Rajoy beendet den „Aznarismus“: Wir müssen modern werden

Am Samstag hat er sich vom “Aznarzismus” endgültig verabschiedet. Er ist fest entschlossen, der konservativen Volkspartei PP ein neues Image zu verleihen. 

Mariano Rajoy – alter, neuer Parteivorsitzender der PP

Mariano Rajoy ist am Samstag auf dem Parteitag in Valencia erneut zum Vorsitzenden der PP gewählt worden. Er war der einzige Kandidat, der sich präsentiert hatte, nachdem die Partei nach den verpatzten Wahlen im März in eine tiefe Krise geraten war. Rajoy ist damit auch wieder Spitzenkandidat für die kommende Parlamentswahl 2012.

Das bedeutet jedoch noch lange nicht, dass Rajoy’s Probleme nun vom Tisch gefegt seien. Die PP ist gespalten, das wurde besonders mit der Ansprache von Ex-Regierungschef Aznar am Samstag deutlich. 

"Verantwortungsbewusste Unterstützung" von Aznar

Mit nur zwei Worten machte er die enorme politische Distanz zu seinem “ehemaligen Schüler” deutlich: Aznar sprach davon, Rajoy habe seine “verantwortungsbewussten Unterstützung”. Keine Euphorie, keine Regung lieβ erkennen, dass Aznar von Rajoy’s Plänen, “die Partei ins Zentrum zu bringen” überzeugt sei. 

Vielmals erinnerte er daran, man solle nicht zu sehr in die Mitte abdriften, nur um neue Wähler zu mobilisieren. Es könnten schlieβlich angestammte Wähler abspringen.

Der ehemalige Regierungschef brachte es auf die Spitze, indem er zu Rajoy’s Rede am Nachmittag gar nicht erst erschien. Deutlicher kann man wohl nicht zeigen, dass von Harmonie und Überzeugung keine Rede sein kann.

Tiefschlag für Aguirre, verblüffte “Aznaristen”

Rajoy, der von seinen Gegnern in der eigenen Partei in den letzten Wochen mehrfach – mehr oder weniger indirekt – dazu aufgefordert worden war, den Rücktritt einzuleiten, lieβ sich allerdings nicht beirren.

Er biss die Zähne zusammen, kämpfte und siegte. Weder Rivalin Esperanza Aguirre, noch der übrige Kern der “Hardliner” rechnete mit dem, was am Samstag geschah, als Rajoy seine neue Spitze vorstellte. Alle, die es in den vergangenen Wochen gewagt hatten, den Parteivorsitzenden zu kritisierten, bezahlten an diesem Tag ihre Rechnung.

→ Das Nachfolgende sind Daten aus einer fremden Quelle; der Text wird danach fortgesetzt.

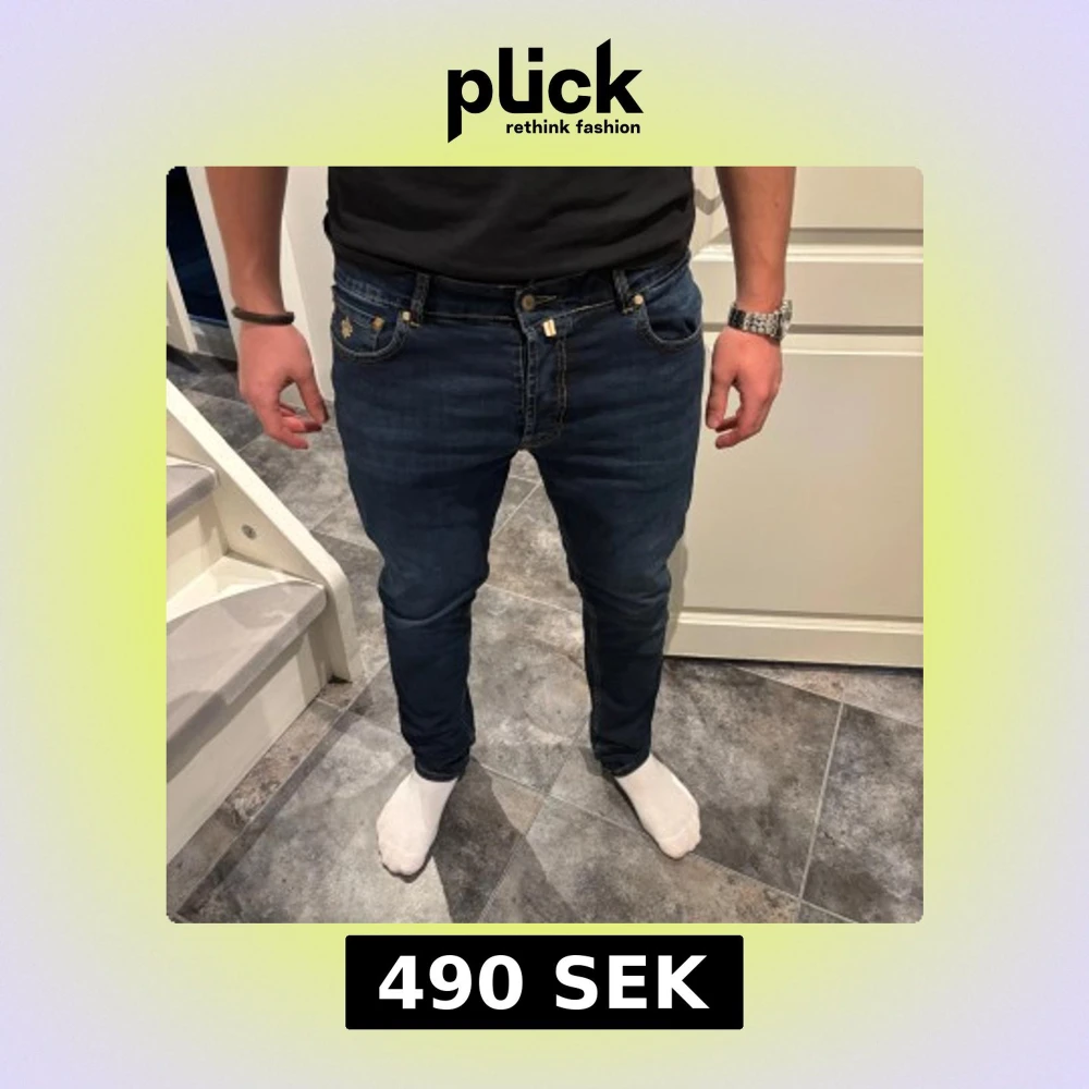 Snygga mörkblå jeansbyxor från Morris. Modellen är Steve Satin Jeans. Storlek W34 L32. Mycket bra skick endast använda 2-3 gånger

Rajoy umgibt sich von seinen eigenen Fans, die “Ära Aznar” ist abgeschlossen

Seine Spitze sollte neu besetzt, die alte Abstellkammer entrümpelt werden. Eine neue Besetzung der PP mit einer Ausnahme – selbstverständlich – Rajoy.

Und während Aguirre & Co. die Namen der neuen Parteispitze verlesen bekamen, konnten sie wenigstens ruhig Blut behalten, solange der Name “Gallardón” nicht fiel. 

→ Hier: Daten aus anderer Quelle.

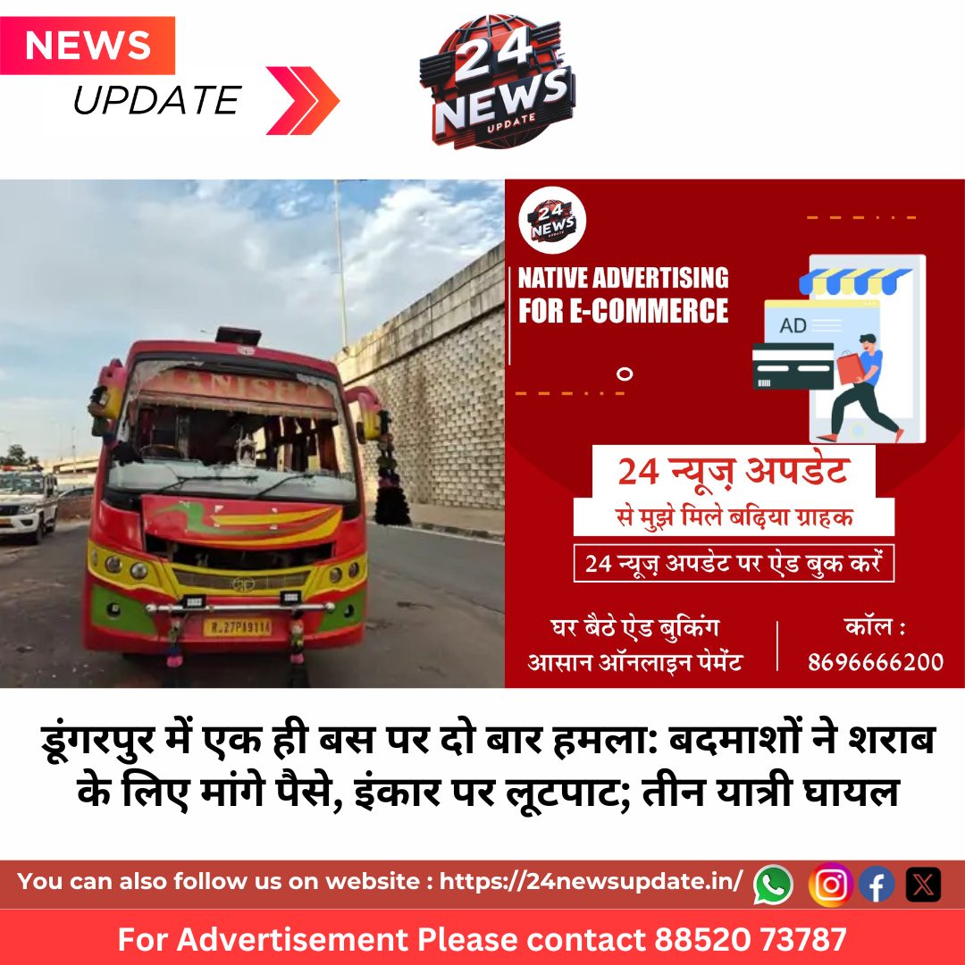 24 News Update डूंगरपुर | राजस्थान के डूंगरपुर जिले से एक हैरान कर देने वाली घटना सामने आई है, जहाँ एक ही बस को 12 घंटे के भीतर दो बार अपराधियों ने निशाना बनाया। शराब के लिए पैसे मांगे, इंकार किया तो 24,500 रुपये लूट लिए बस के मालिक विजय गरासिया के मुताबिक, 12 मई को वह बेणेश्वर धाम से यात्रियों को लेकर लौट रहे थे। जैसे ही बस पाटिया थाना क्षेत्र के गंगानगर पहुंची, दो मोटरसाइकिलों पर सवार तीन बदमाशों ने रास्ता रोका। बदमाशों ने बस रुकवाई और सीधे शराब के लिए पैसे मांगने लगे। जब इंकार किया गया, तो उन्होंने बस में चढ़कर मारपीट शुरू कर दी और जेब से ₹24,500 छीन लिए। शोर मचने पर आरोपी बाइक छोड़कर भाग निकले। पुलिस को बाद में दोनों बाइकें सौंप दी गईं और मामला दर्ज करवाया गया। अगले दिन 13 मई को, विजय देव सोमनाथ की ओर यात्रियों को लेकर जा रहे थे। मोदर गांव के पास बस जैसे ही पहुंची, वहां पहले से खड़े 15 बदमाशों ने लट्ठ और पत्थरों से बस पर धावा बोल दिया। हमलावरों ने सभी कांच तोड़ डाले और ‘रूट पर चलने के लिए हफ्ता’ मांगा। मना करने पर वे बस में घुस गए और लगभग 30 यात्रियों से मारपीट करते हुए नकदी और कीमती सामान लूट लिया। इस हमले में एक महिला सहित तीन यात्रियों को गंभीर चोटें आईं। यात्रियों में दहशत फैल गई। घायल यात्रियों का इलाज चल रहा है। घटना का वीडियो भी सामने आया है, जिसके आधार पर पुलिस अब आरोपियों की तलाश में जुट गई है।

Ihr gröβter Albtraum wurde jedoch war, als Rajoy nach einer Weile fast schon triumphierend den Namen des Madrider Bürgermeisters als hohes Mitglied des Kommitees nannte. Die Präsidentin der Comunidad Madrid erstarrte zu Eis. Ihr größter Rivale ist "drin", sie bleibt "drauβen", ebenso wie viele andere hoch gehandelte Hardliner. Selbst ein Regionalbaron wie Valencia’s Francisco Camps hat das Nachsehen. 

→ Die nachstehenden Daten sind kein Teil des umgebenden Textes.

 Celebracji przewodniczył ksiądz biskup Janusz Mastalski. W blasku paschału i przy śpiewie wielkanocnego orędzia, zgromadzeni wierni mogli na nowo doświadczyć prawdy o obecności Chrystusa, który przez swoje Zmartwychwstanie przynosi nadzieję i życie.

Nun bleibt abzuwarten, wie Rajoy den Weg in die Mitte finden wird. Die Tageszeitung "El País" verglich kürzlich die konservative Volkspartei mit einer "Bastion" für Bessergestellte, Katholiken und die Nachfahren vieler Franco-Anhänger. 

Der Mord am eigenen Ziehvater…

Die Schlacht zwischen den beiden Titanen Rajoy und Aguirre ist jedenfalls noch nicht ausgestanden. Er hat zwei Niederlagen nach gescheiterten Parlamentswahlen auf dem Buckel, behält jedoch die Macht in der Partei. Sie ist die unbestrittene Königin der Comunidad de Madrid, jedoch ohne Entscheidungsbefugnis. 

“El País” bezeichnete in ihrer Sonntagsausgabe den Kampf zwischen Mariano Rajoy und Esperanza Aguirre als schmerzvoll und quälend: “Fast so schmerzlich wie der Mord am Vater, mit Namen Aznar, der am Samstag definitiv von Rajoy begangen worden ist”.